Why (SO4)^2- does not create 4 double bonds

Question

I looked this question up and still couldn't understand. Why, in $\ce{SO4^2-}$ don't the 4 oxygens create double bonds.

In that case the all the oxygens will have 0 formal charge while the sulfur will have -2.

In what I've seen only 2 oxygens create double bonds making the sulfur have no formal charge, 2 oxygens have -1 formal charge and 2 others no formal charge.

When comparing formal charge of -2 on the sulfur, it is indeed less stable than no formal charge at all, and that is why it should be the most common resonance structure. But everywhere I looked that was not the case, $\ce{SO4^2-}$ only created 2 double bonds and I cant understand why. Cant the oxygens create coordination bonds with the sulfur?

Answer 1

What you have seen is not an accurate depiction of the bonding situation according to the currently accepted theory. The correct structure of sulphate, shown below, has exactly zero double bonds. Martin performed a calculation on the closely related sulphite ion (in which there is one less oxygen leading to a lone pair on sulphur) which shows zero π-type bonding orbitals. Unfortunately, I found no calculation of sulphate’s structure in a quick search but rest assured that it will be the logical extension of sulphite.
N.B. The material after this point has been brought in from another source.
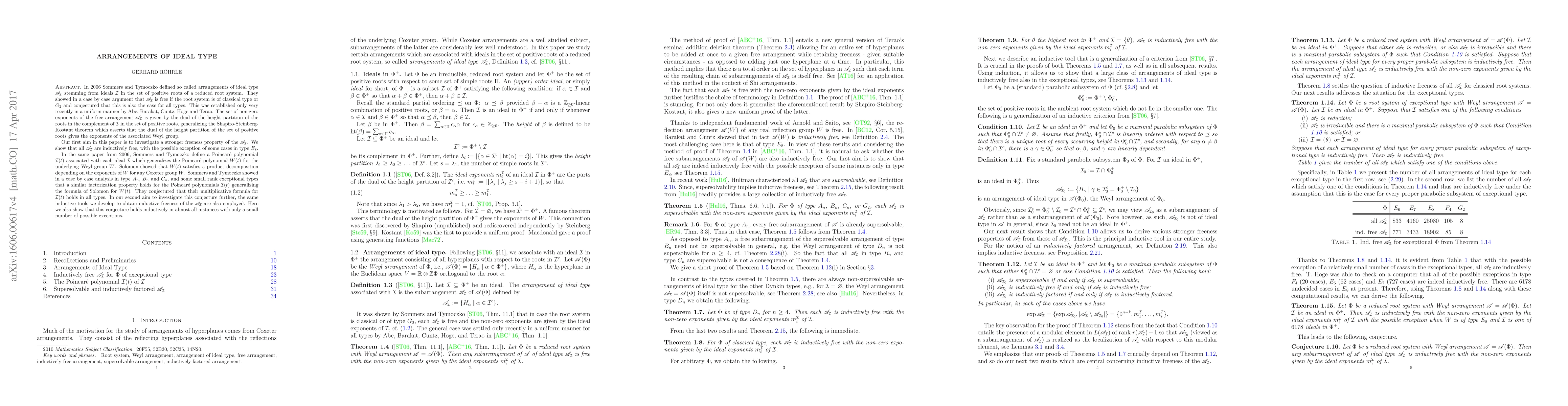 Researchers investigate a stronger freeness property of arrangements of ideal type A_I in root systems, showing that all but possibly some cases in type E_8 are inductively free, and confirm a conjecture about the factorization property of Poincaré polynomials I(t) in most types.
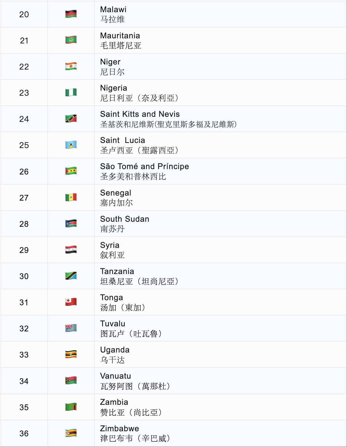 ▼將要實(shí)施的36個(gè)禁令國(guó)家清單

In this structure, sulphur is surrounded by exactly eight valence electrons as predicted by the octet rule. If you come across any depiction of a main-group compound in which an atom has more electrons in its vicinity than the octet rule allows, chances are this depiction is either simplifying (for example: drawing a 4-electron-3-centre bond as if it were two single bonds), an unstable reaction intermediate or outright incorrect.

Sulphur cannot form more than four traditional 2-electron-2-centre bonds (double bonds counting as two bonds, triple bonds as three bonds) due to a lack of available orbitals. On a very basic, general and simplified level, such a (localised) 2e2c bond is formed when an orbital of each atom overlap, resulting in a bonding and an antibonding orbital. Sulphur only has four such orbitals available (one 3s and three 3p) for bonding, so any electron exceeding the first eight would have to be placed in an antibonding orbital – but that would cause a decrease in bond order rather than an increase.

Historically, the depiction of sulphate that you gave was ‘explained’ by sulphur using its 3d orbitals for bonding. These orbitals are virtual (unoccupied) but do exist mathematically. However, their energy is too high for any meaningful bond to be formed. It can be calculated (and has been, somewhere on this site that I cannot locate at the moment) that the participation of d orbitals in such compounds is very low – certainly far lower than an $\mathrm{sp^3d}$ or even $\mathrm{sp^3d^2}$ hybrid orbital would require. Thus, it is best that the idea of double bonds in sulphate be purged from the textbooks yesterday.

Answer 2

The sulfate ion is derived from the sulfuric acid molecule:

When it undergoes chemical reactions, it typically donates both hydrogens as $\ce{H+}$ ions. This leaves behind the sulfate ion: $$\ce{H2SO4 -> 2H+ + SO4^2-}$$ When the $\ce{H^+}$ ion departs, it leaves its electron behind, so it has to go somewhere (it remains with the $\ce{O}$ atom).

Hypothetically if $\ce{SO4}$ existed, with all $\ce{O}$ atoms double-bonded to the $\ce{S}$, then the sulfur would have a total of 16 electrons in its valence shell, which would make it more unstable. But the main reason is that sulfur only has 6 valence electrons in the first place, so it can only form up to 6 covalent bonds. This gives it a total of 12 valence electrons.

In formal charge theory, the idea is indeed to try to keep individual FCs as close to zero as possible, but also to break the octet rule as little as possible. The sulfate ion is very stable: just because something is an ion does not mean it is unstable. In fact, it often is much more stable than uncharged molecules.